_DESCRIPTION OF THE TASK_
When you repeat the material, keep each line exact and omit the pictures.

_THE DATA_

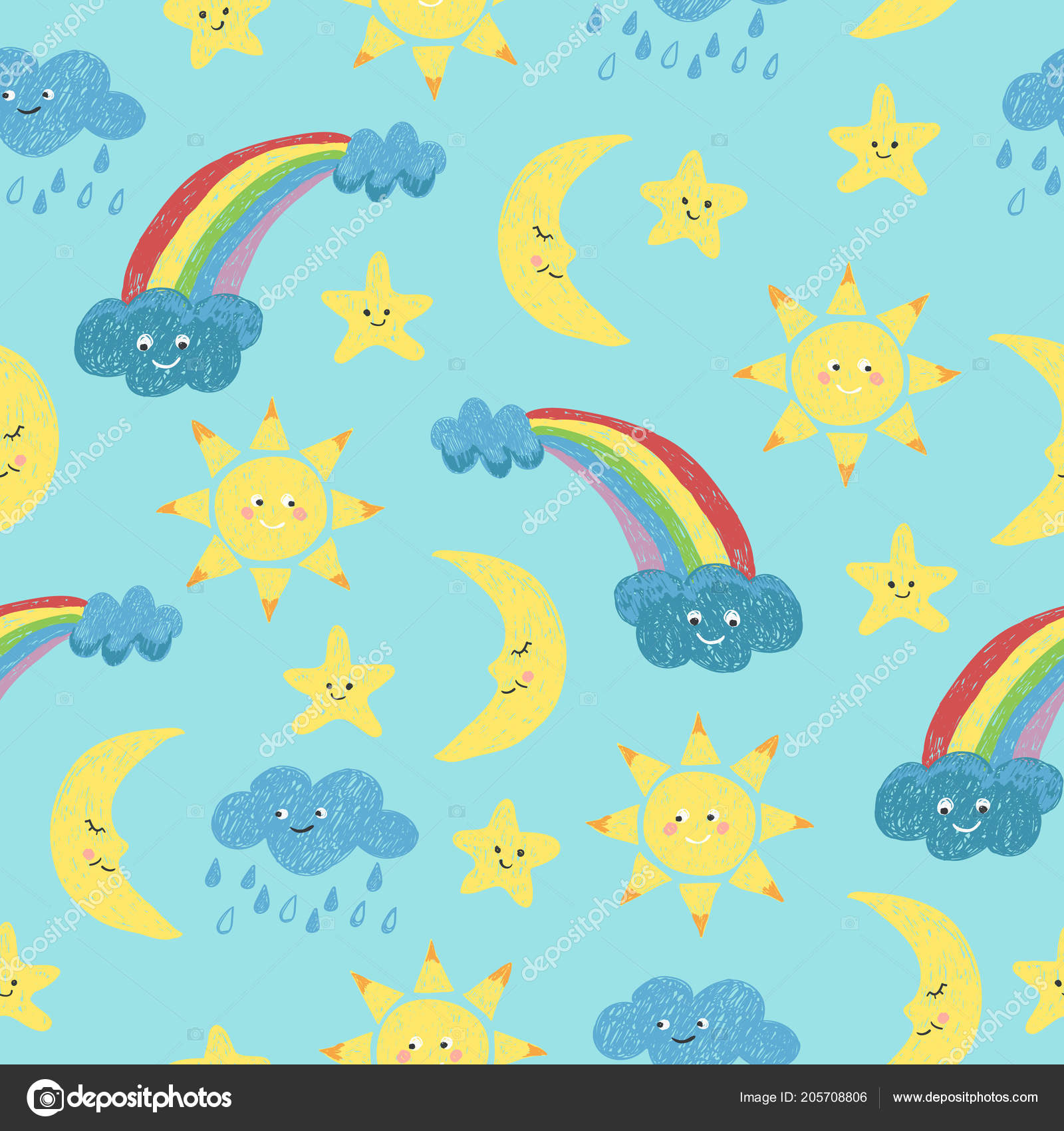 Sole E Luna Vettoriale Senza Soluzione Di Continuita Con Le Stelle Stile Vintage Carta Da Parati Carta Da Imballaggio O Disegno Del Tessuto Per I - Download
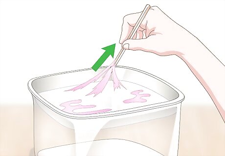 Pick up the excess nail polish from the water with a wooden skewer. Do not pour the water into the sink, or you risk clogging it. Instead, swirl a wooden skewer or paper towel in the water to catch the excess nail polish, then throw it away. Once all of the nail polish is out of the water, you can pour the water out.
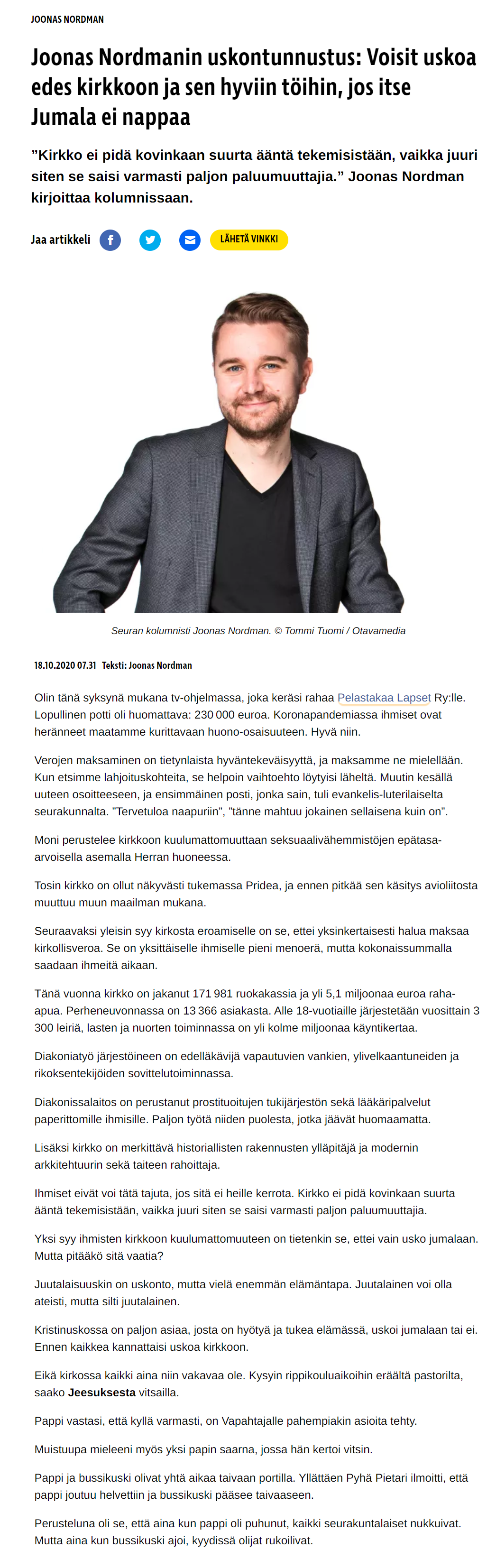 Kuuluisitko kirkkoon, jos vuosittain postilaatikkoon kolahtaisi monen sadan euron lasku?
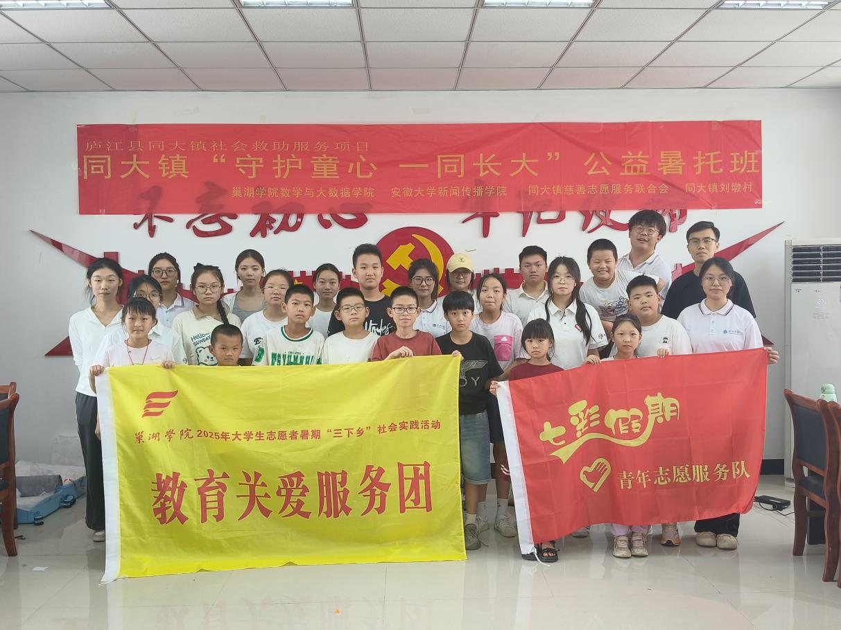 少年儿童是祖国的未来、民族的希望,文明的延续。为进一步教育引导青年学生在社会大课堂中争做有理想、敢担当、能吃苦、肯奋斗的新时代好青年,奋力书写为中国式现代化挺膺担当的青春篇章。2025年7月,巢湖学院“守护童心 一同长大”七彩假期志愿服务团赴庐江县同大镇开展志愿服务活动。志愿服务团始终怀揣着对乡村教育的热忱,精心策划并开展七类特色课程,用青春力量为当地儿童打造充实有趣的假期,以实际行动为乡村教育添砖加瓦。
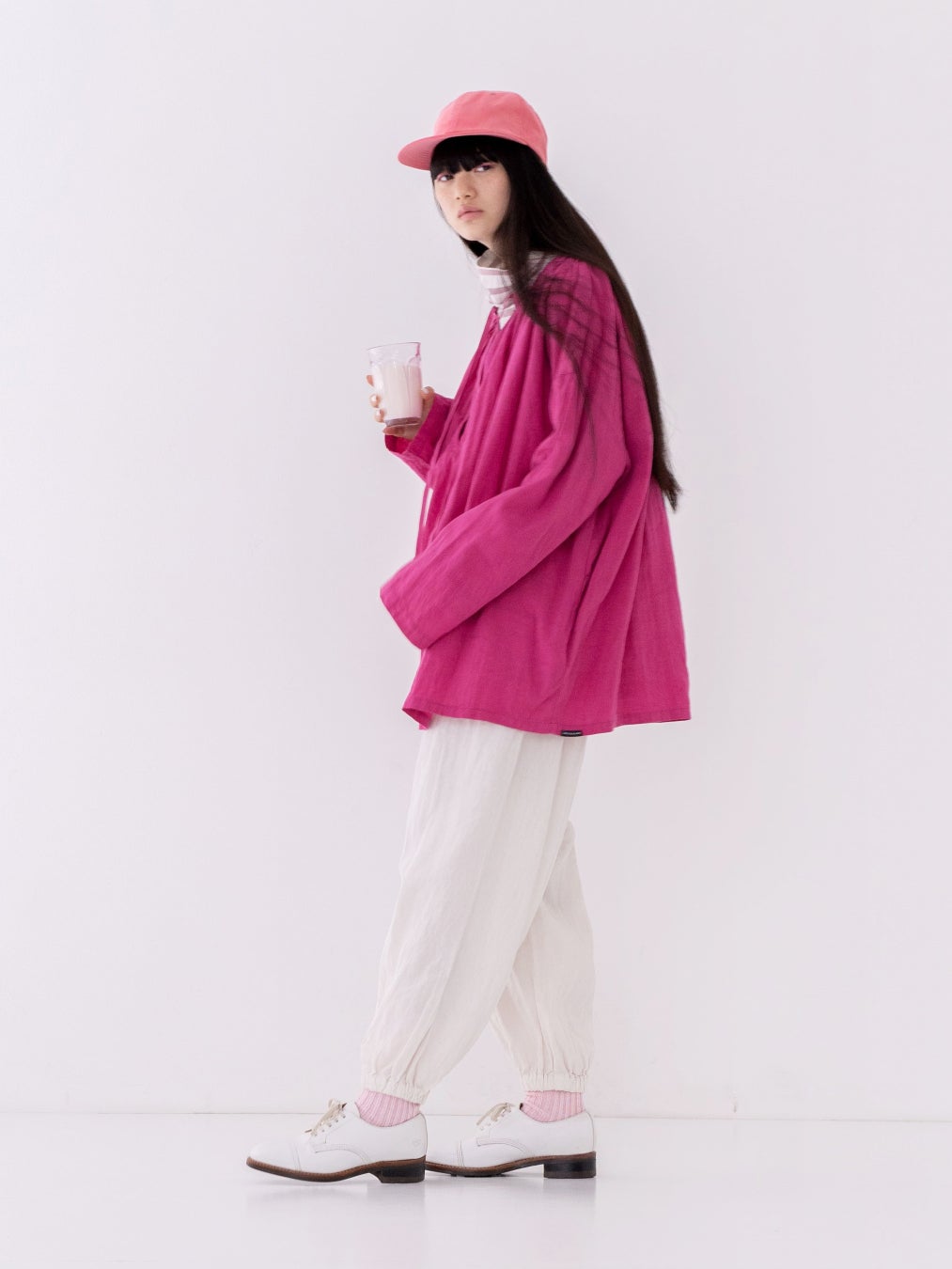 襟まわりに細やかなギャザーを贅沢にあしらったスモックブラウス。抜け感のあるスッキパーデザインに。深めの空きなので、INにロゴTeeなどを重ねた着こなしもおすすめです。袖口は筒袖にし、程良いカジュアル感をプラスしました。
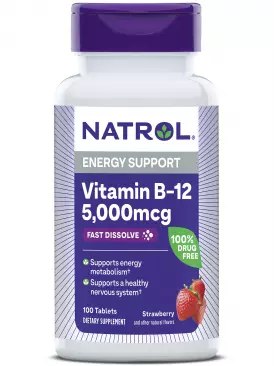 Витамины группы B Vitamin B-12 5000 мкг F/D 100 таблеток, Клубника Natrol Подписка на товар Артикул 19187
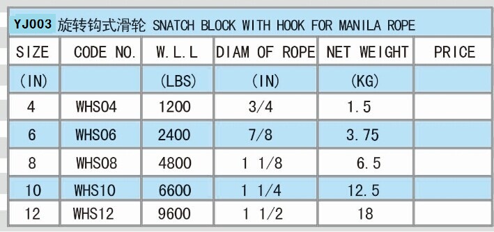» YJ003 SNATCH BLOCK WITH HOOK FOR MANILA ROPE
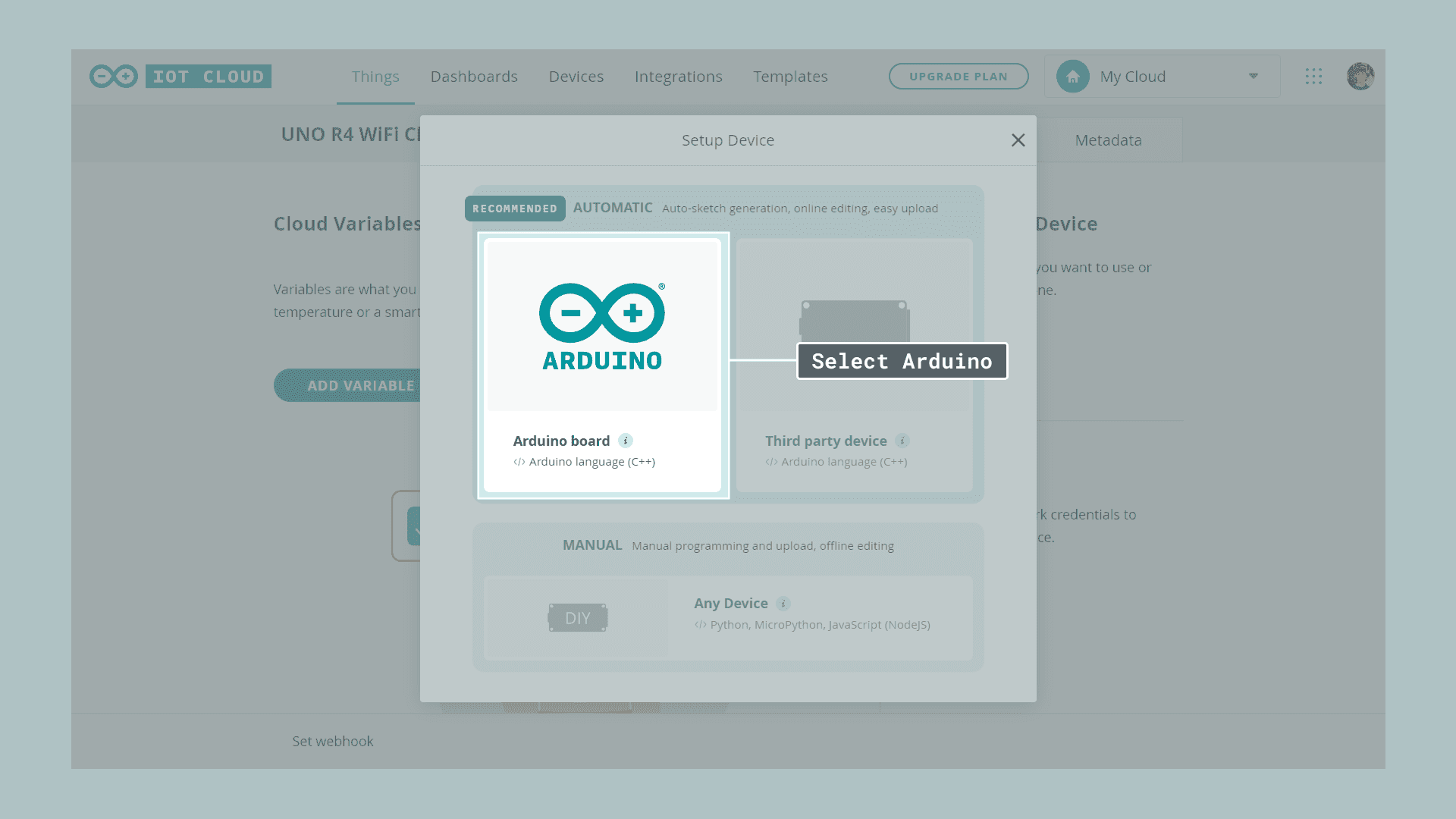 A step-by-step guide on how to set up the UNO R4 WiFi with the Arduino Cloud.
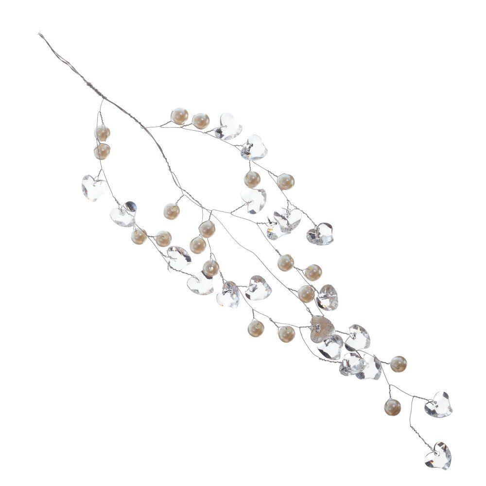 Элегантная веточка из тонкой серебристой проволоки, усыпанная жемчужными бусинами и "хрустальными" сердечками, создает волшебную атмосферу блеска и изящества. Благодаря своему изящному дизайну она станет прекрасным акцентом в новогоднем интерьере, создавая атмосферу волшебства и праздничного веселья.
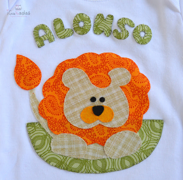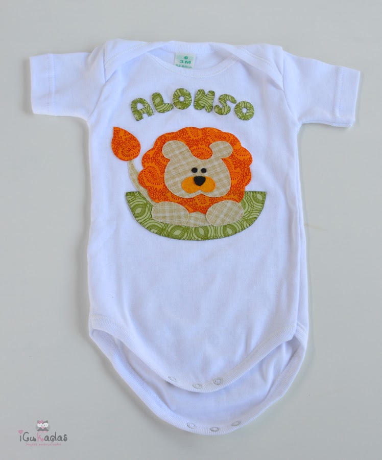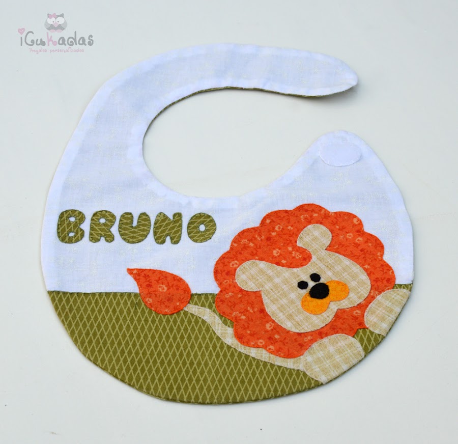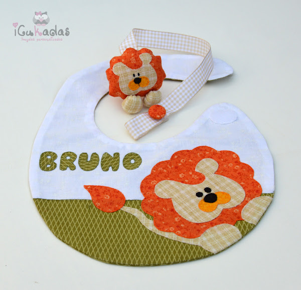 El modelo del león sigue manteniendo los mismos colores vivos, el mismo leoncillo con mirada tierna, y la posibilidad de personalizarlo, pero cambia la forma del babero, como el del búho, que podéis ver AQUÍ.

_TASK ANSWER_
 Sole E Luna Vettoriale Senza Soluzione Di Continuita Con Le Stelle Stile Vintage Carta Da Parati Carta Da Imballaggio O Disegno Del Tessuto Per I - Download
 Pick up the excess nail polish from the water with a wooden skewer. Do not pour the water into the sink, or you risk clogging it. Instead, swirl a wooden skewer or paper towel in the water to catch the excess nail polish, then throw it away. Once all of the nail polish is out of the water, you can pour the water out.
 Kuuluisitko kirkkoon, jos vuosittain postilaatikkoon kolahtaisi monen sadan euron lasku?
 少年儿童是祖国的未来、民族的希望,文明的延续。为进一步教育引导青年学生在社会大课堂中争做有理想、敢担当、能吃苦、肯奋斗的新时代好青年,奋力书写为中国式现代化挺膺担当的青春篇章。2025年7月,巢湖学院“守护童心 一同长大”七彩假期志愿服务团赴庐江县同大镇开展志愿服务活动。志愿服务团始终怀揣着对乡村教育的热忱,精心策划并开展七类特色课程,用青春力量为当地儿童打造充实有趣的假期,以实际行动为乡村教育添砖加瓦。
 襟まわりに細やかなギャザーを贅沢にあしらったスモックブラウス。抜け感のあるスッキパーデザインに。深めの空きなので、INにロゴTeeなどを重ねた着こなしもおすすめです。袖口は筒袖にし、程良いカジュアル感をプラスしました。
 Витамины группы B Vitamin B-12 5000 мкг F/D 100 таблеток, Клубника Natrol Подписка на товар Артикул 19187
» YJ003 SNATCH BLOCK WITH HOOK FOR MANILA ROPE
 A step-by-step guide on how to set up the UNO R4 WiFi with the Arduino Cloud.
 Элегантная веточка из тонкой серебристой проволоки, усыпанная жемчужными бусинами и "хрустальными" сердечками, создает волшебную атмосферу блеска и изящества. Благодаря своему изящному дизайну она станет прекрасным акцентом в новогоднем интерьере, создавая атмосферу волшебства и праздничного веселья.
 El modelo del león sigue manteniendo los mismos colores vivos, el mismo leoncillo con mirada tierna, y la posibilidad de personalizarlo, pero cambia la forma del babero, como el del búho, que podéis ver AQUÍ.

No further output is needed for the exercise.